“They wouldn’t open to us,” said Jack, hurriedly, “so we fired a couple of shots through the door and then broke it down. Then we raced through the house. It’s a big place of two stories, with ten or a dozen rooms. In one of them we found Captain Cornell, bound and gagged. But no trace of the others, so Captain Murray and I went down to the cellar and found the entrance to this tunnel, without waiting to question Cornell. Come on, let’s hurry.”

And as the way being cleared by the disappearance of young Gordon, the last of the airmen to descend, the tunnel was now open to passage, Jack darted down the stairs. Frank followed at his heels. It was dark, only a faint glow, far ahead, showing where Captain Murray’s electric torch headlighted the procession. The air smelled musty. The walls were little more than a big man’s width apart, and the roof so low that the boys had to stoop in order to avoid bumping their heads as they proceeded.

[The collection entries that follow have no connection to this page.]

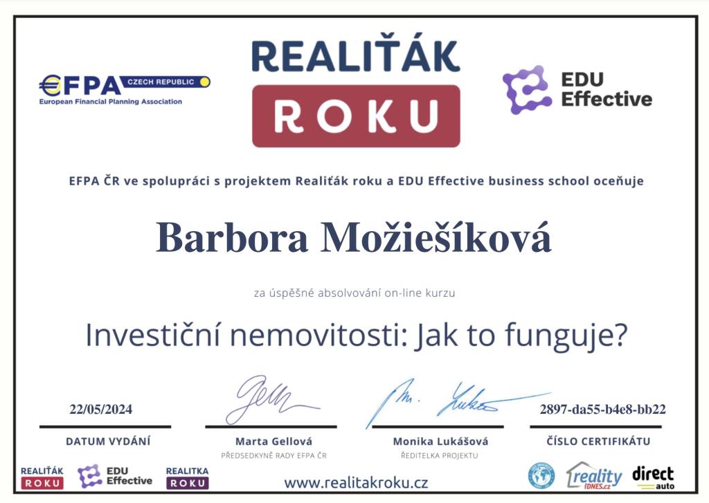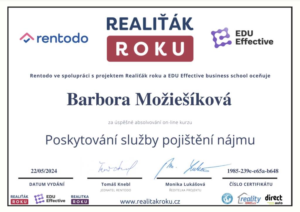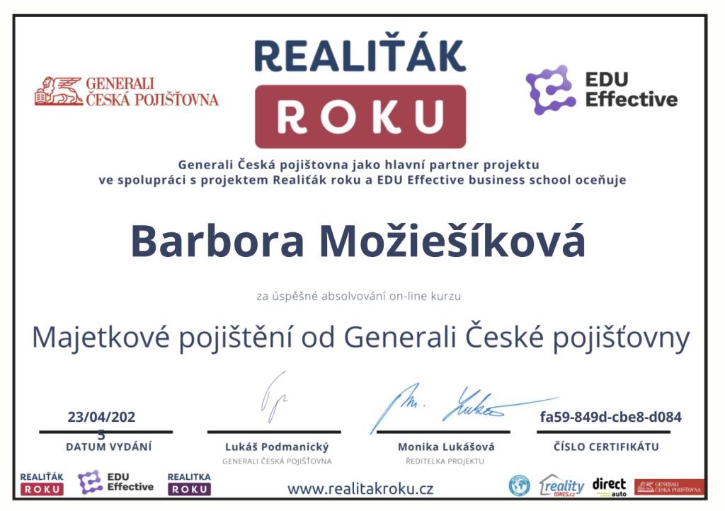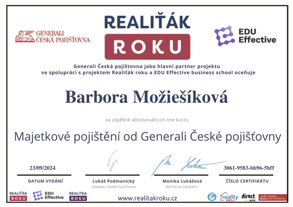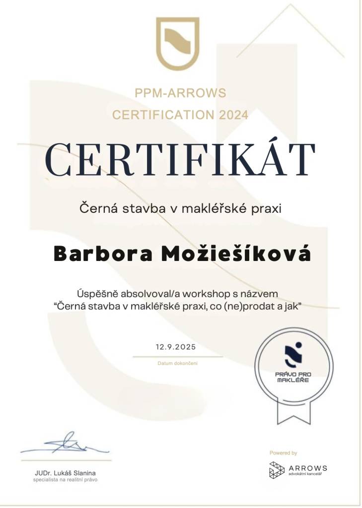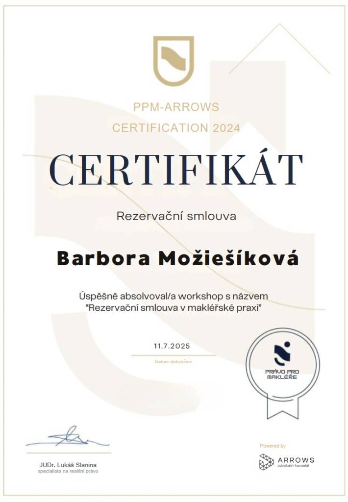 Po vlastní zkušenosti mohu doporučit makléřku Barboru Možiešíkovou, která byla schopna i v době své dovolené řešit a dokončit koupi mé nemovitosti.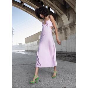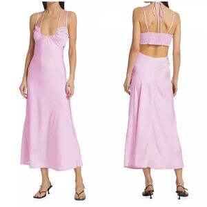 NWT ALC Lavender Lilac Purple Halter Neck Cutout Smocked Midi Dress Womens 8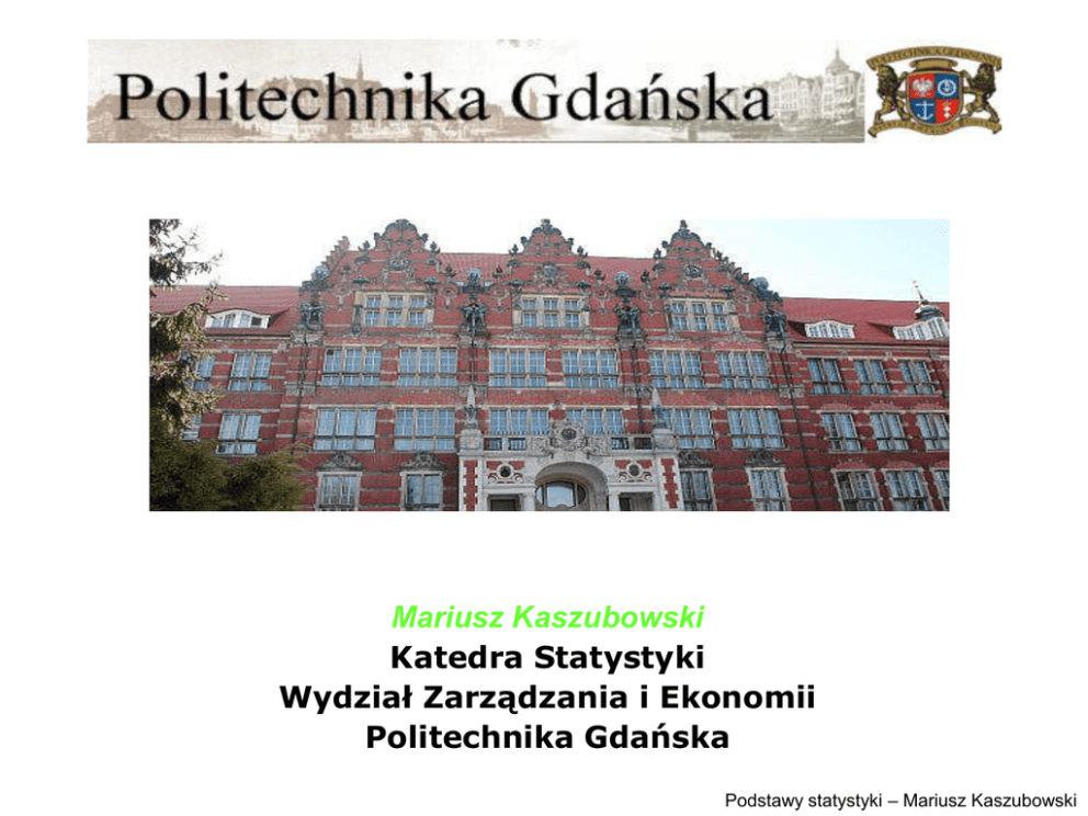 Mariusz Kaszubowski Katedra Statystyki Wydział Zarządzania i Ekonomii Politechnika Gdańska Podstawy statystyki – Mariusz Kaszubowski Indeksy tendencji rozwojowej Ćwiczenia nr 5 Podstawy statystyki Podstawy statystyki – Mariusz Kaszubowski Podstawowe pojęcia • • • • indeksy jako wskaźniki dynamiki indeksy jednopodstawowe indeksy łańcuchowe tempo przyrostu Podstawy statystyki – Mariusz Kaszubowski Podstawy statystyki – Mariusz Kaszubowski Podstawy statystyki – Mariusz Kaszubowski Zadanie 1 Poniższa tabela przedstawia liczbę zgonów w latach 1999-2006 jakie miały miejsce na terenie Polski (dane GUS). Przedstaw dynamikę zgonów za pomocą indeksów jednopodstawowych i łańcuchowych. Oblicz średnie tempo wzrostu i zmian. Podstawy statystyki – Mariusz Kaszubowski Rozwiązanie Podstawy statystyki – Mariusz Kaszubowski Zadanie 2 Używając indeksów Laspeyresa, Paaschego i Fishera określ dynamikę spożycia grupy poniższych artykułów w 2008 roku w porównaniu do roku 2007. Podstawy statystyki – Mariusz Kaszubowski Rozwiązanie Łączna wartość koszyka artykułów spożywczych w 2008 roku wzrosła o16% w stosunku do wartości z 2007 roku. Podstawy statystyki – Mariusz Kaszubowski Przy założeniu stałych cen z 2007 roku ilość spożywanych artykułów zwiększyła się o 17,1%. Przy założeniu stałych cen z 2008 roku ilość spożywanych artykułów zwiększyła się 15,9%. Nastąpił wzrost ilości spożywanych artykułów średnio 16,5% Podstawy statystyki – Mariusz Kaszubowski Przy założeniu stałych ilości z 2007 roku wartość spożywanych artykułów nie zmieniła się. Przy założeniu stałych ilości z 2008 roku wartość spożywanych artykułów zmniejszyła się 0,9%. Nastąpił nieznaczny spadek cen spożywanych artykułów średnio 0,4% Zadanie 3 Poniższa tabela przedstawia liczbę rozwodów w latach 1999-2006 jakie miały miejsce na terenie Polski (dane GUS). Przedstaw dynamikę rozwodów za pomocą indeksów jednopodstawowych i łańcuchowych. Podstawy statystyki – Mariusz Kaszubowski Zadanie 4 Oblicz dynamikę wartości sprzedanych polis przez wymienione towarzystwa ubezpieczeniowe w roku 1997 w stosunku do 1995. Jaki wpływ na uzyskaną wartość sprzedanych polis wywarły zmiany w strukturze wysokości składek ubezpieczeniowych a jaki zmiany w strukturze liczby sprzedanych polis? Podstawy statystyki – Mariusz Kaszubowski

Ahead of them could be heard muttered exclamations as first one and then another, in his eagerness to make haste, ignored the necessary caution and suffered a bump.

“Bend down, and you’ll be all right,” advised Jack. “It’s a straight shoot to the other house, and the floor is smooth. Come on.”

Presently the two boys, who had closed up on the heels of the last of the group ahead, emerged into a cellar where they found the others waiting them.

“All here?” asked Captain Murray, flashing his spotlight from form to form. “All right, let’s go.”

But just as he was in the act of mounting an open stairway to the floor above, and had, in fact, placed a foot on the first step of the ascent, Jack halted him with a hand on his arm.

“Listen, Captain, what was that?”

CHAPTER XVIII.
THE ENEMY STRIKE.

In the sudden silence which fell on the group at Jack’s low-spoken cry, not a sound was to be heard.

Captain Murray shook off Jack’s grasp on his arm and mounted another step.